Inference speed may decrease slightly when batch-size increase #6396

nicklhy opened this issue May 23, 2017 · 19 comments

Comments

@nicklhy
Copy link
Contributor

nicklhy commented May 23, 2017

Recently, I did some speed benchmark experiments of CNN inference task over a few popular deep learning frameworks (including mxnet). Though mxnet performs excellently in most modern CNN structures (i.e. resnet, inception), I also found mxnet's inference speed curves often drop slightly when batch size is 16, 32 or 64 as below. Is this pretty common?

resnet50

inception-v3

Some of other benchmark results can be found here(Titan X) and here(GTX1080).

@piiswrong
Copy link
Contributor

@ptrendx @ap-hynninen The drop looks weird. Do you observe this? Is it due to cudnn algo selection?

@nicklhy
Copy link
Contributor Author

nicklhy commented May 23, 2017

By the way, MXNET_CUDNN_AUTOTUNE_DEFAULT is 1 in my experiments.

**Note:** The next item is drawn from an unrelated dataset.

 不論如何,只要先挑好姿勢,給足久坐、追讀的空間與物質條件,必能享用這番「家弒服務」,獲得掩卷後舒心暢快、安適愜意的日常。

The program needs to run performance tests to find the best conv algo each time you run it.

@ghost
Copy link

ghost commented May 23, 2017

Similarly, I did some performance test for cudnn autotuning with the modes "off-0, limited-1, fastest-2", by evaluating time cost for 1000 convolutions.
Surprisingly, the fastest mode takes more time, while turning cudnn off achieves the best speed.

@ptrendx
Copy link
Member

ptrendx commented May 23, 2017

@xioryu Could you share the repro for that?

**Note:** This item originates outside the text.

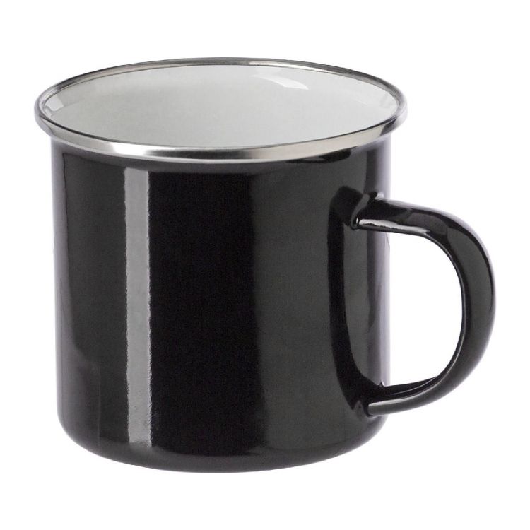 Enamel drinking mug (350 ml) with stainless steel edge. Individually packaged in a brown cardboard box. This product is not dishwasher safe.

@nicklhy, @piiswrong We did not do any inference tests, but that is definitely weird behavior - cudnn should not slow down with the increasing batch size. Maybe IO? Do you have a script we can use to repro that?

@nicklhy
Copy link
Contributor Author

nicklhy commented May 23, 2017

@ptrendx , you can find my test script here. Notice that all samples are generated randomly before the inference loop. I believe IO is not really a problem at all.

@piiswrong
Copy link
Contributor

Had a quick look at the script. I don't see a burn-in section. Usually you should let the script run for a few iterations for warming up before you start timing it

@nicklhy
Copy link
Contributor Author

nicklhy commented May 24, 2017

@piiswrong , Yes, I didn't do the warm-up running in this script. But I will remove the smallest and largest values over 10 epochs, and then use the remaining's mean value as the final result.

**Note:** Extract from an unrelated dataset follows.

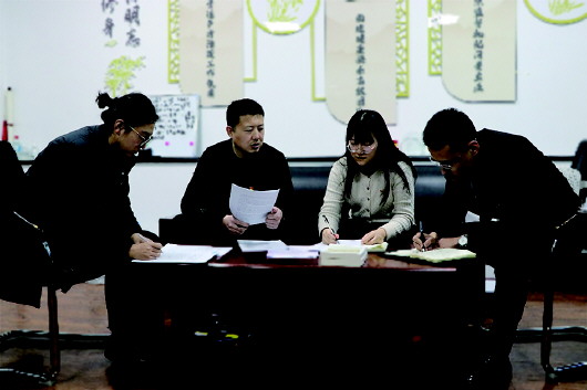 ▲图为文登区纪委监委党风政风监督室工作人员研究制定优化营商环境专项监督方案。

Moreover, from the program's log, missing of warm-up running doesn't affect the speed measurement of an entire epoch (n_samples is set to 1000) very much. Though the speed values of each epoch can vary a lot, the smallest one is not definitely from the first epoch. Here is a log print when I test the inception-v3 network.

# python inference_mxnet.py --network inception-v3 --n-sample 1000 --n-epoch 10 --gpu 0 --batch-size 128
===================== benchmark for mxnet inception-v3 =====================
n_sample=1000, batch_size=128, n_epoch=10
[09:20:40] src/operator/././cudnn_algoreg-inl.h:65: Running performance tests to find the best convolution algorithm, this can take a while... (setting env variable MXNET_CUDNN_AUTOTUNE_DEFAULT to 0 to disable)
Init parameters randomly
Finish loading model in 9.9899s
Generate 1000 random images in 6.3187s
Epoch 0, finish 1000 images in 2.9740s, speed = 336.2460 image/s
Epoch 1, finish 1000 images in 2.8387s, speed = 352.2794 image/s
Epoch 2, finish 1000 images in 2.8898s, speed = 346.0436 image/s
Epoch 3, finish 1000 images in 2.8196s, speed = 354.6634 image/s
Epoch 4, finish 1000 images in 2.8310s, speed = 353.2313 image/s
Epoch 5, finish 1000 images in 3.0288s, speed = 330.1593 image/s
Epoch 6, finish 1000 images in 2.8374s, speed = 352.4338 image/s
Epoch 7, finish 1000 images in 2.9013s, speed = 344.6708 image/s
Epoch 8, finish 1000 images in 3.0996s, speed = 322.6236 image/s
Epoch 9, finish 1000 images in 2.9490s, speed = 339.0955 image/s
Finish 1000 images for 10 times in 29.1700s, speed = 344.0849 image/s (2.9063 ms/image)

But if necessary, I will add a warm-up running in my script. Is 10 iterations enough for that?

@piiswrong
Copy link
Contributor

piiswrong commented May 24, 2017 via email

@nicklhy
Copy link
Contributor Author

nicklhy commented May 24, 2017

100 iterations? If batch size is set to 128, 100 iterations means processing 12800 images before the real benchmark loop. I never expect mxnet could require such large data size for warming up ...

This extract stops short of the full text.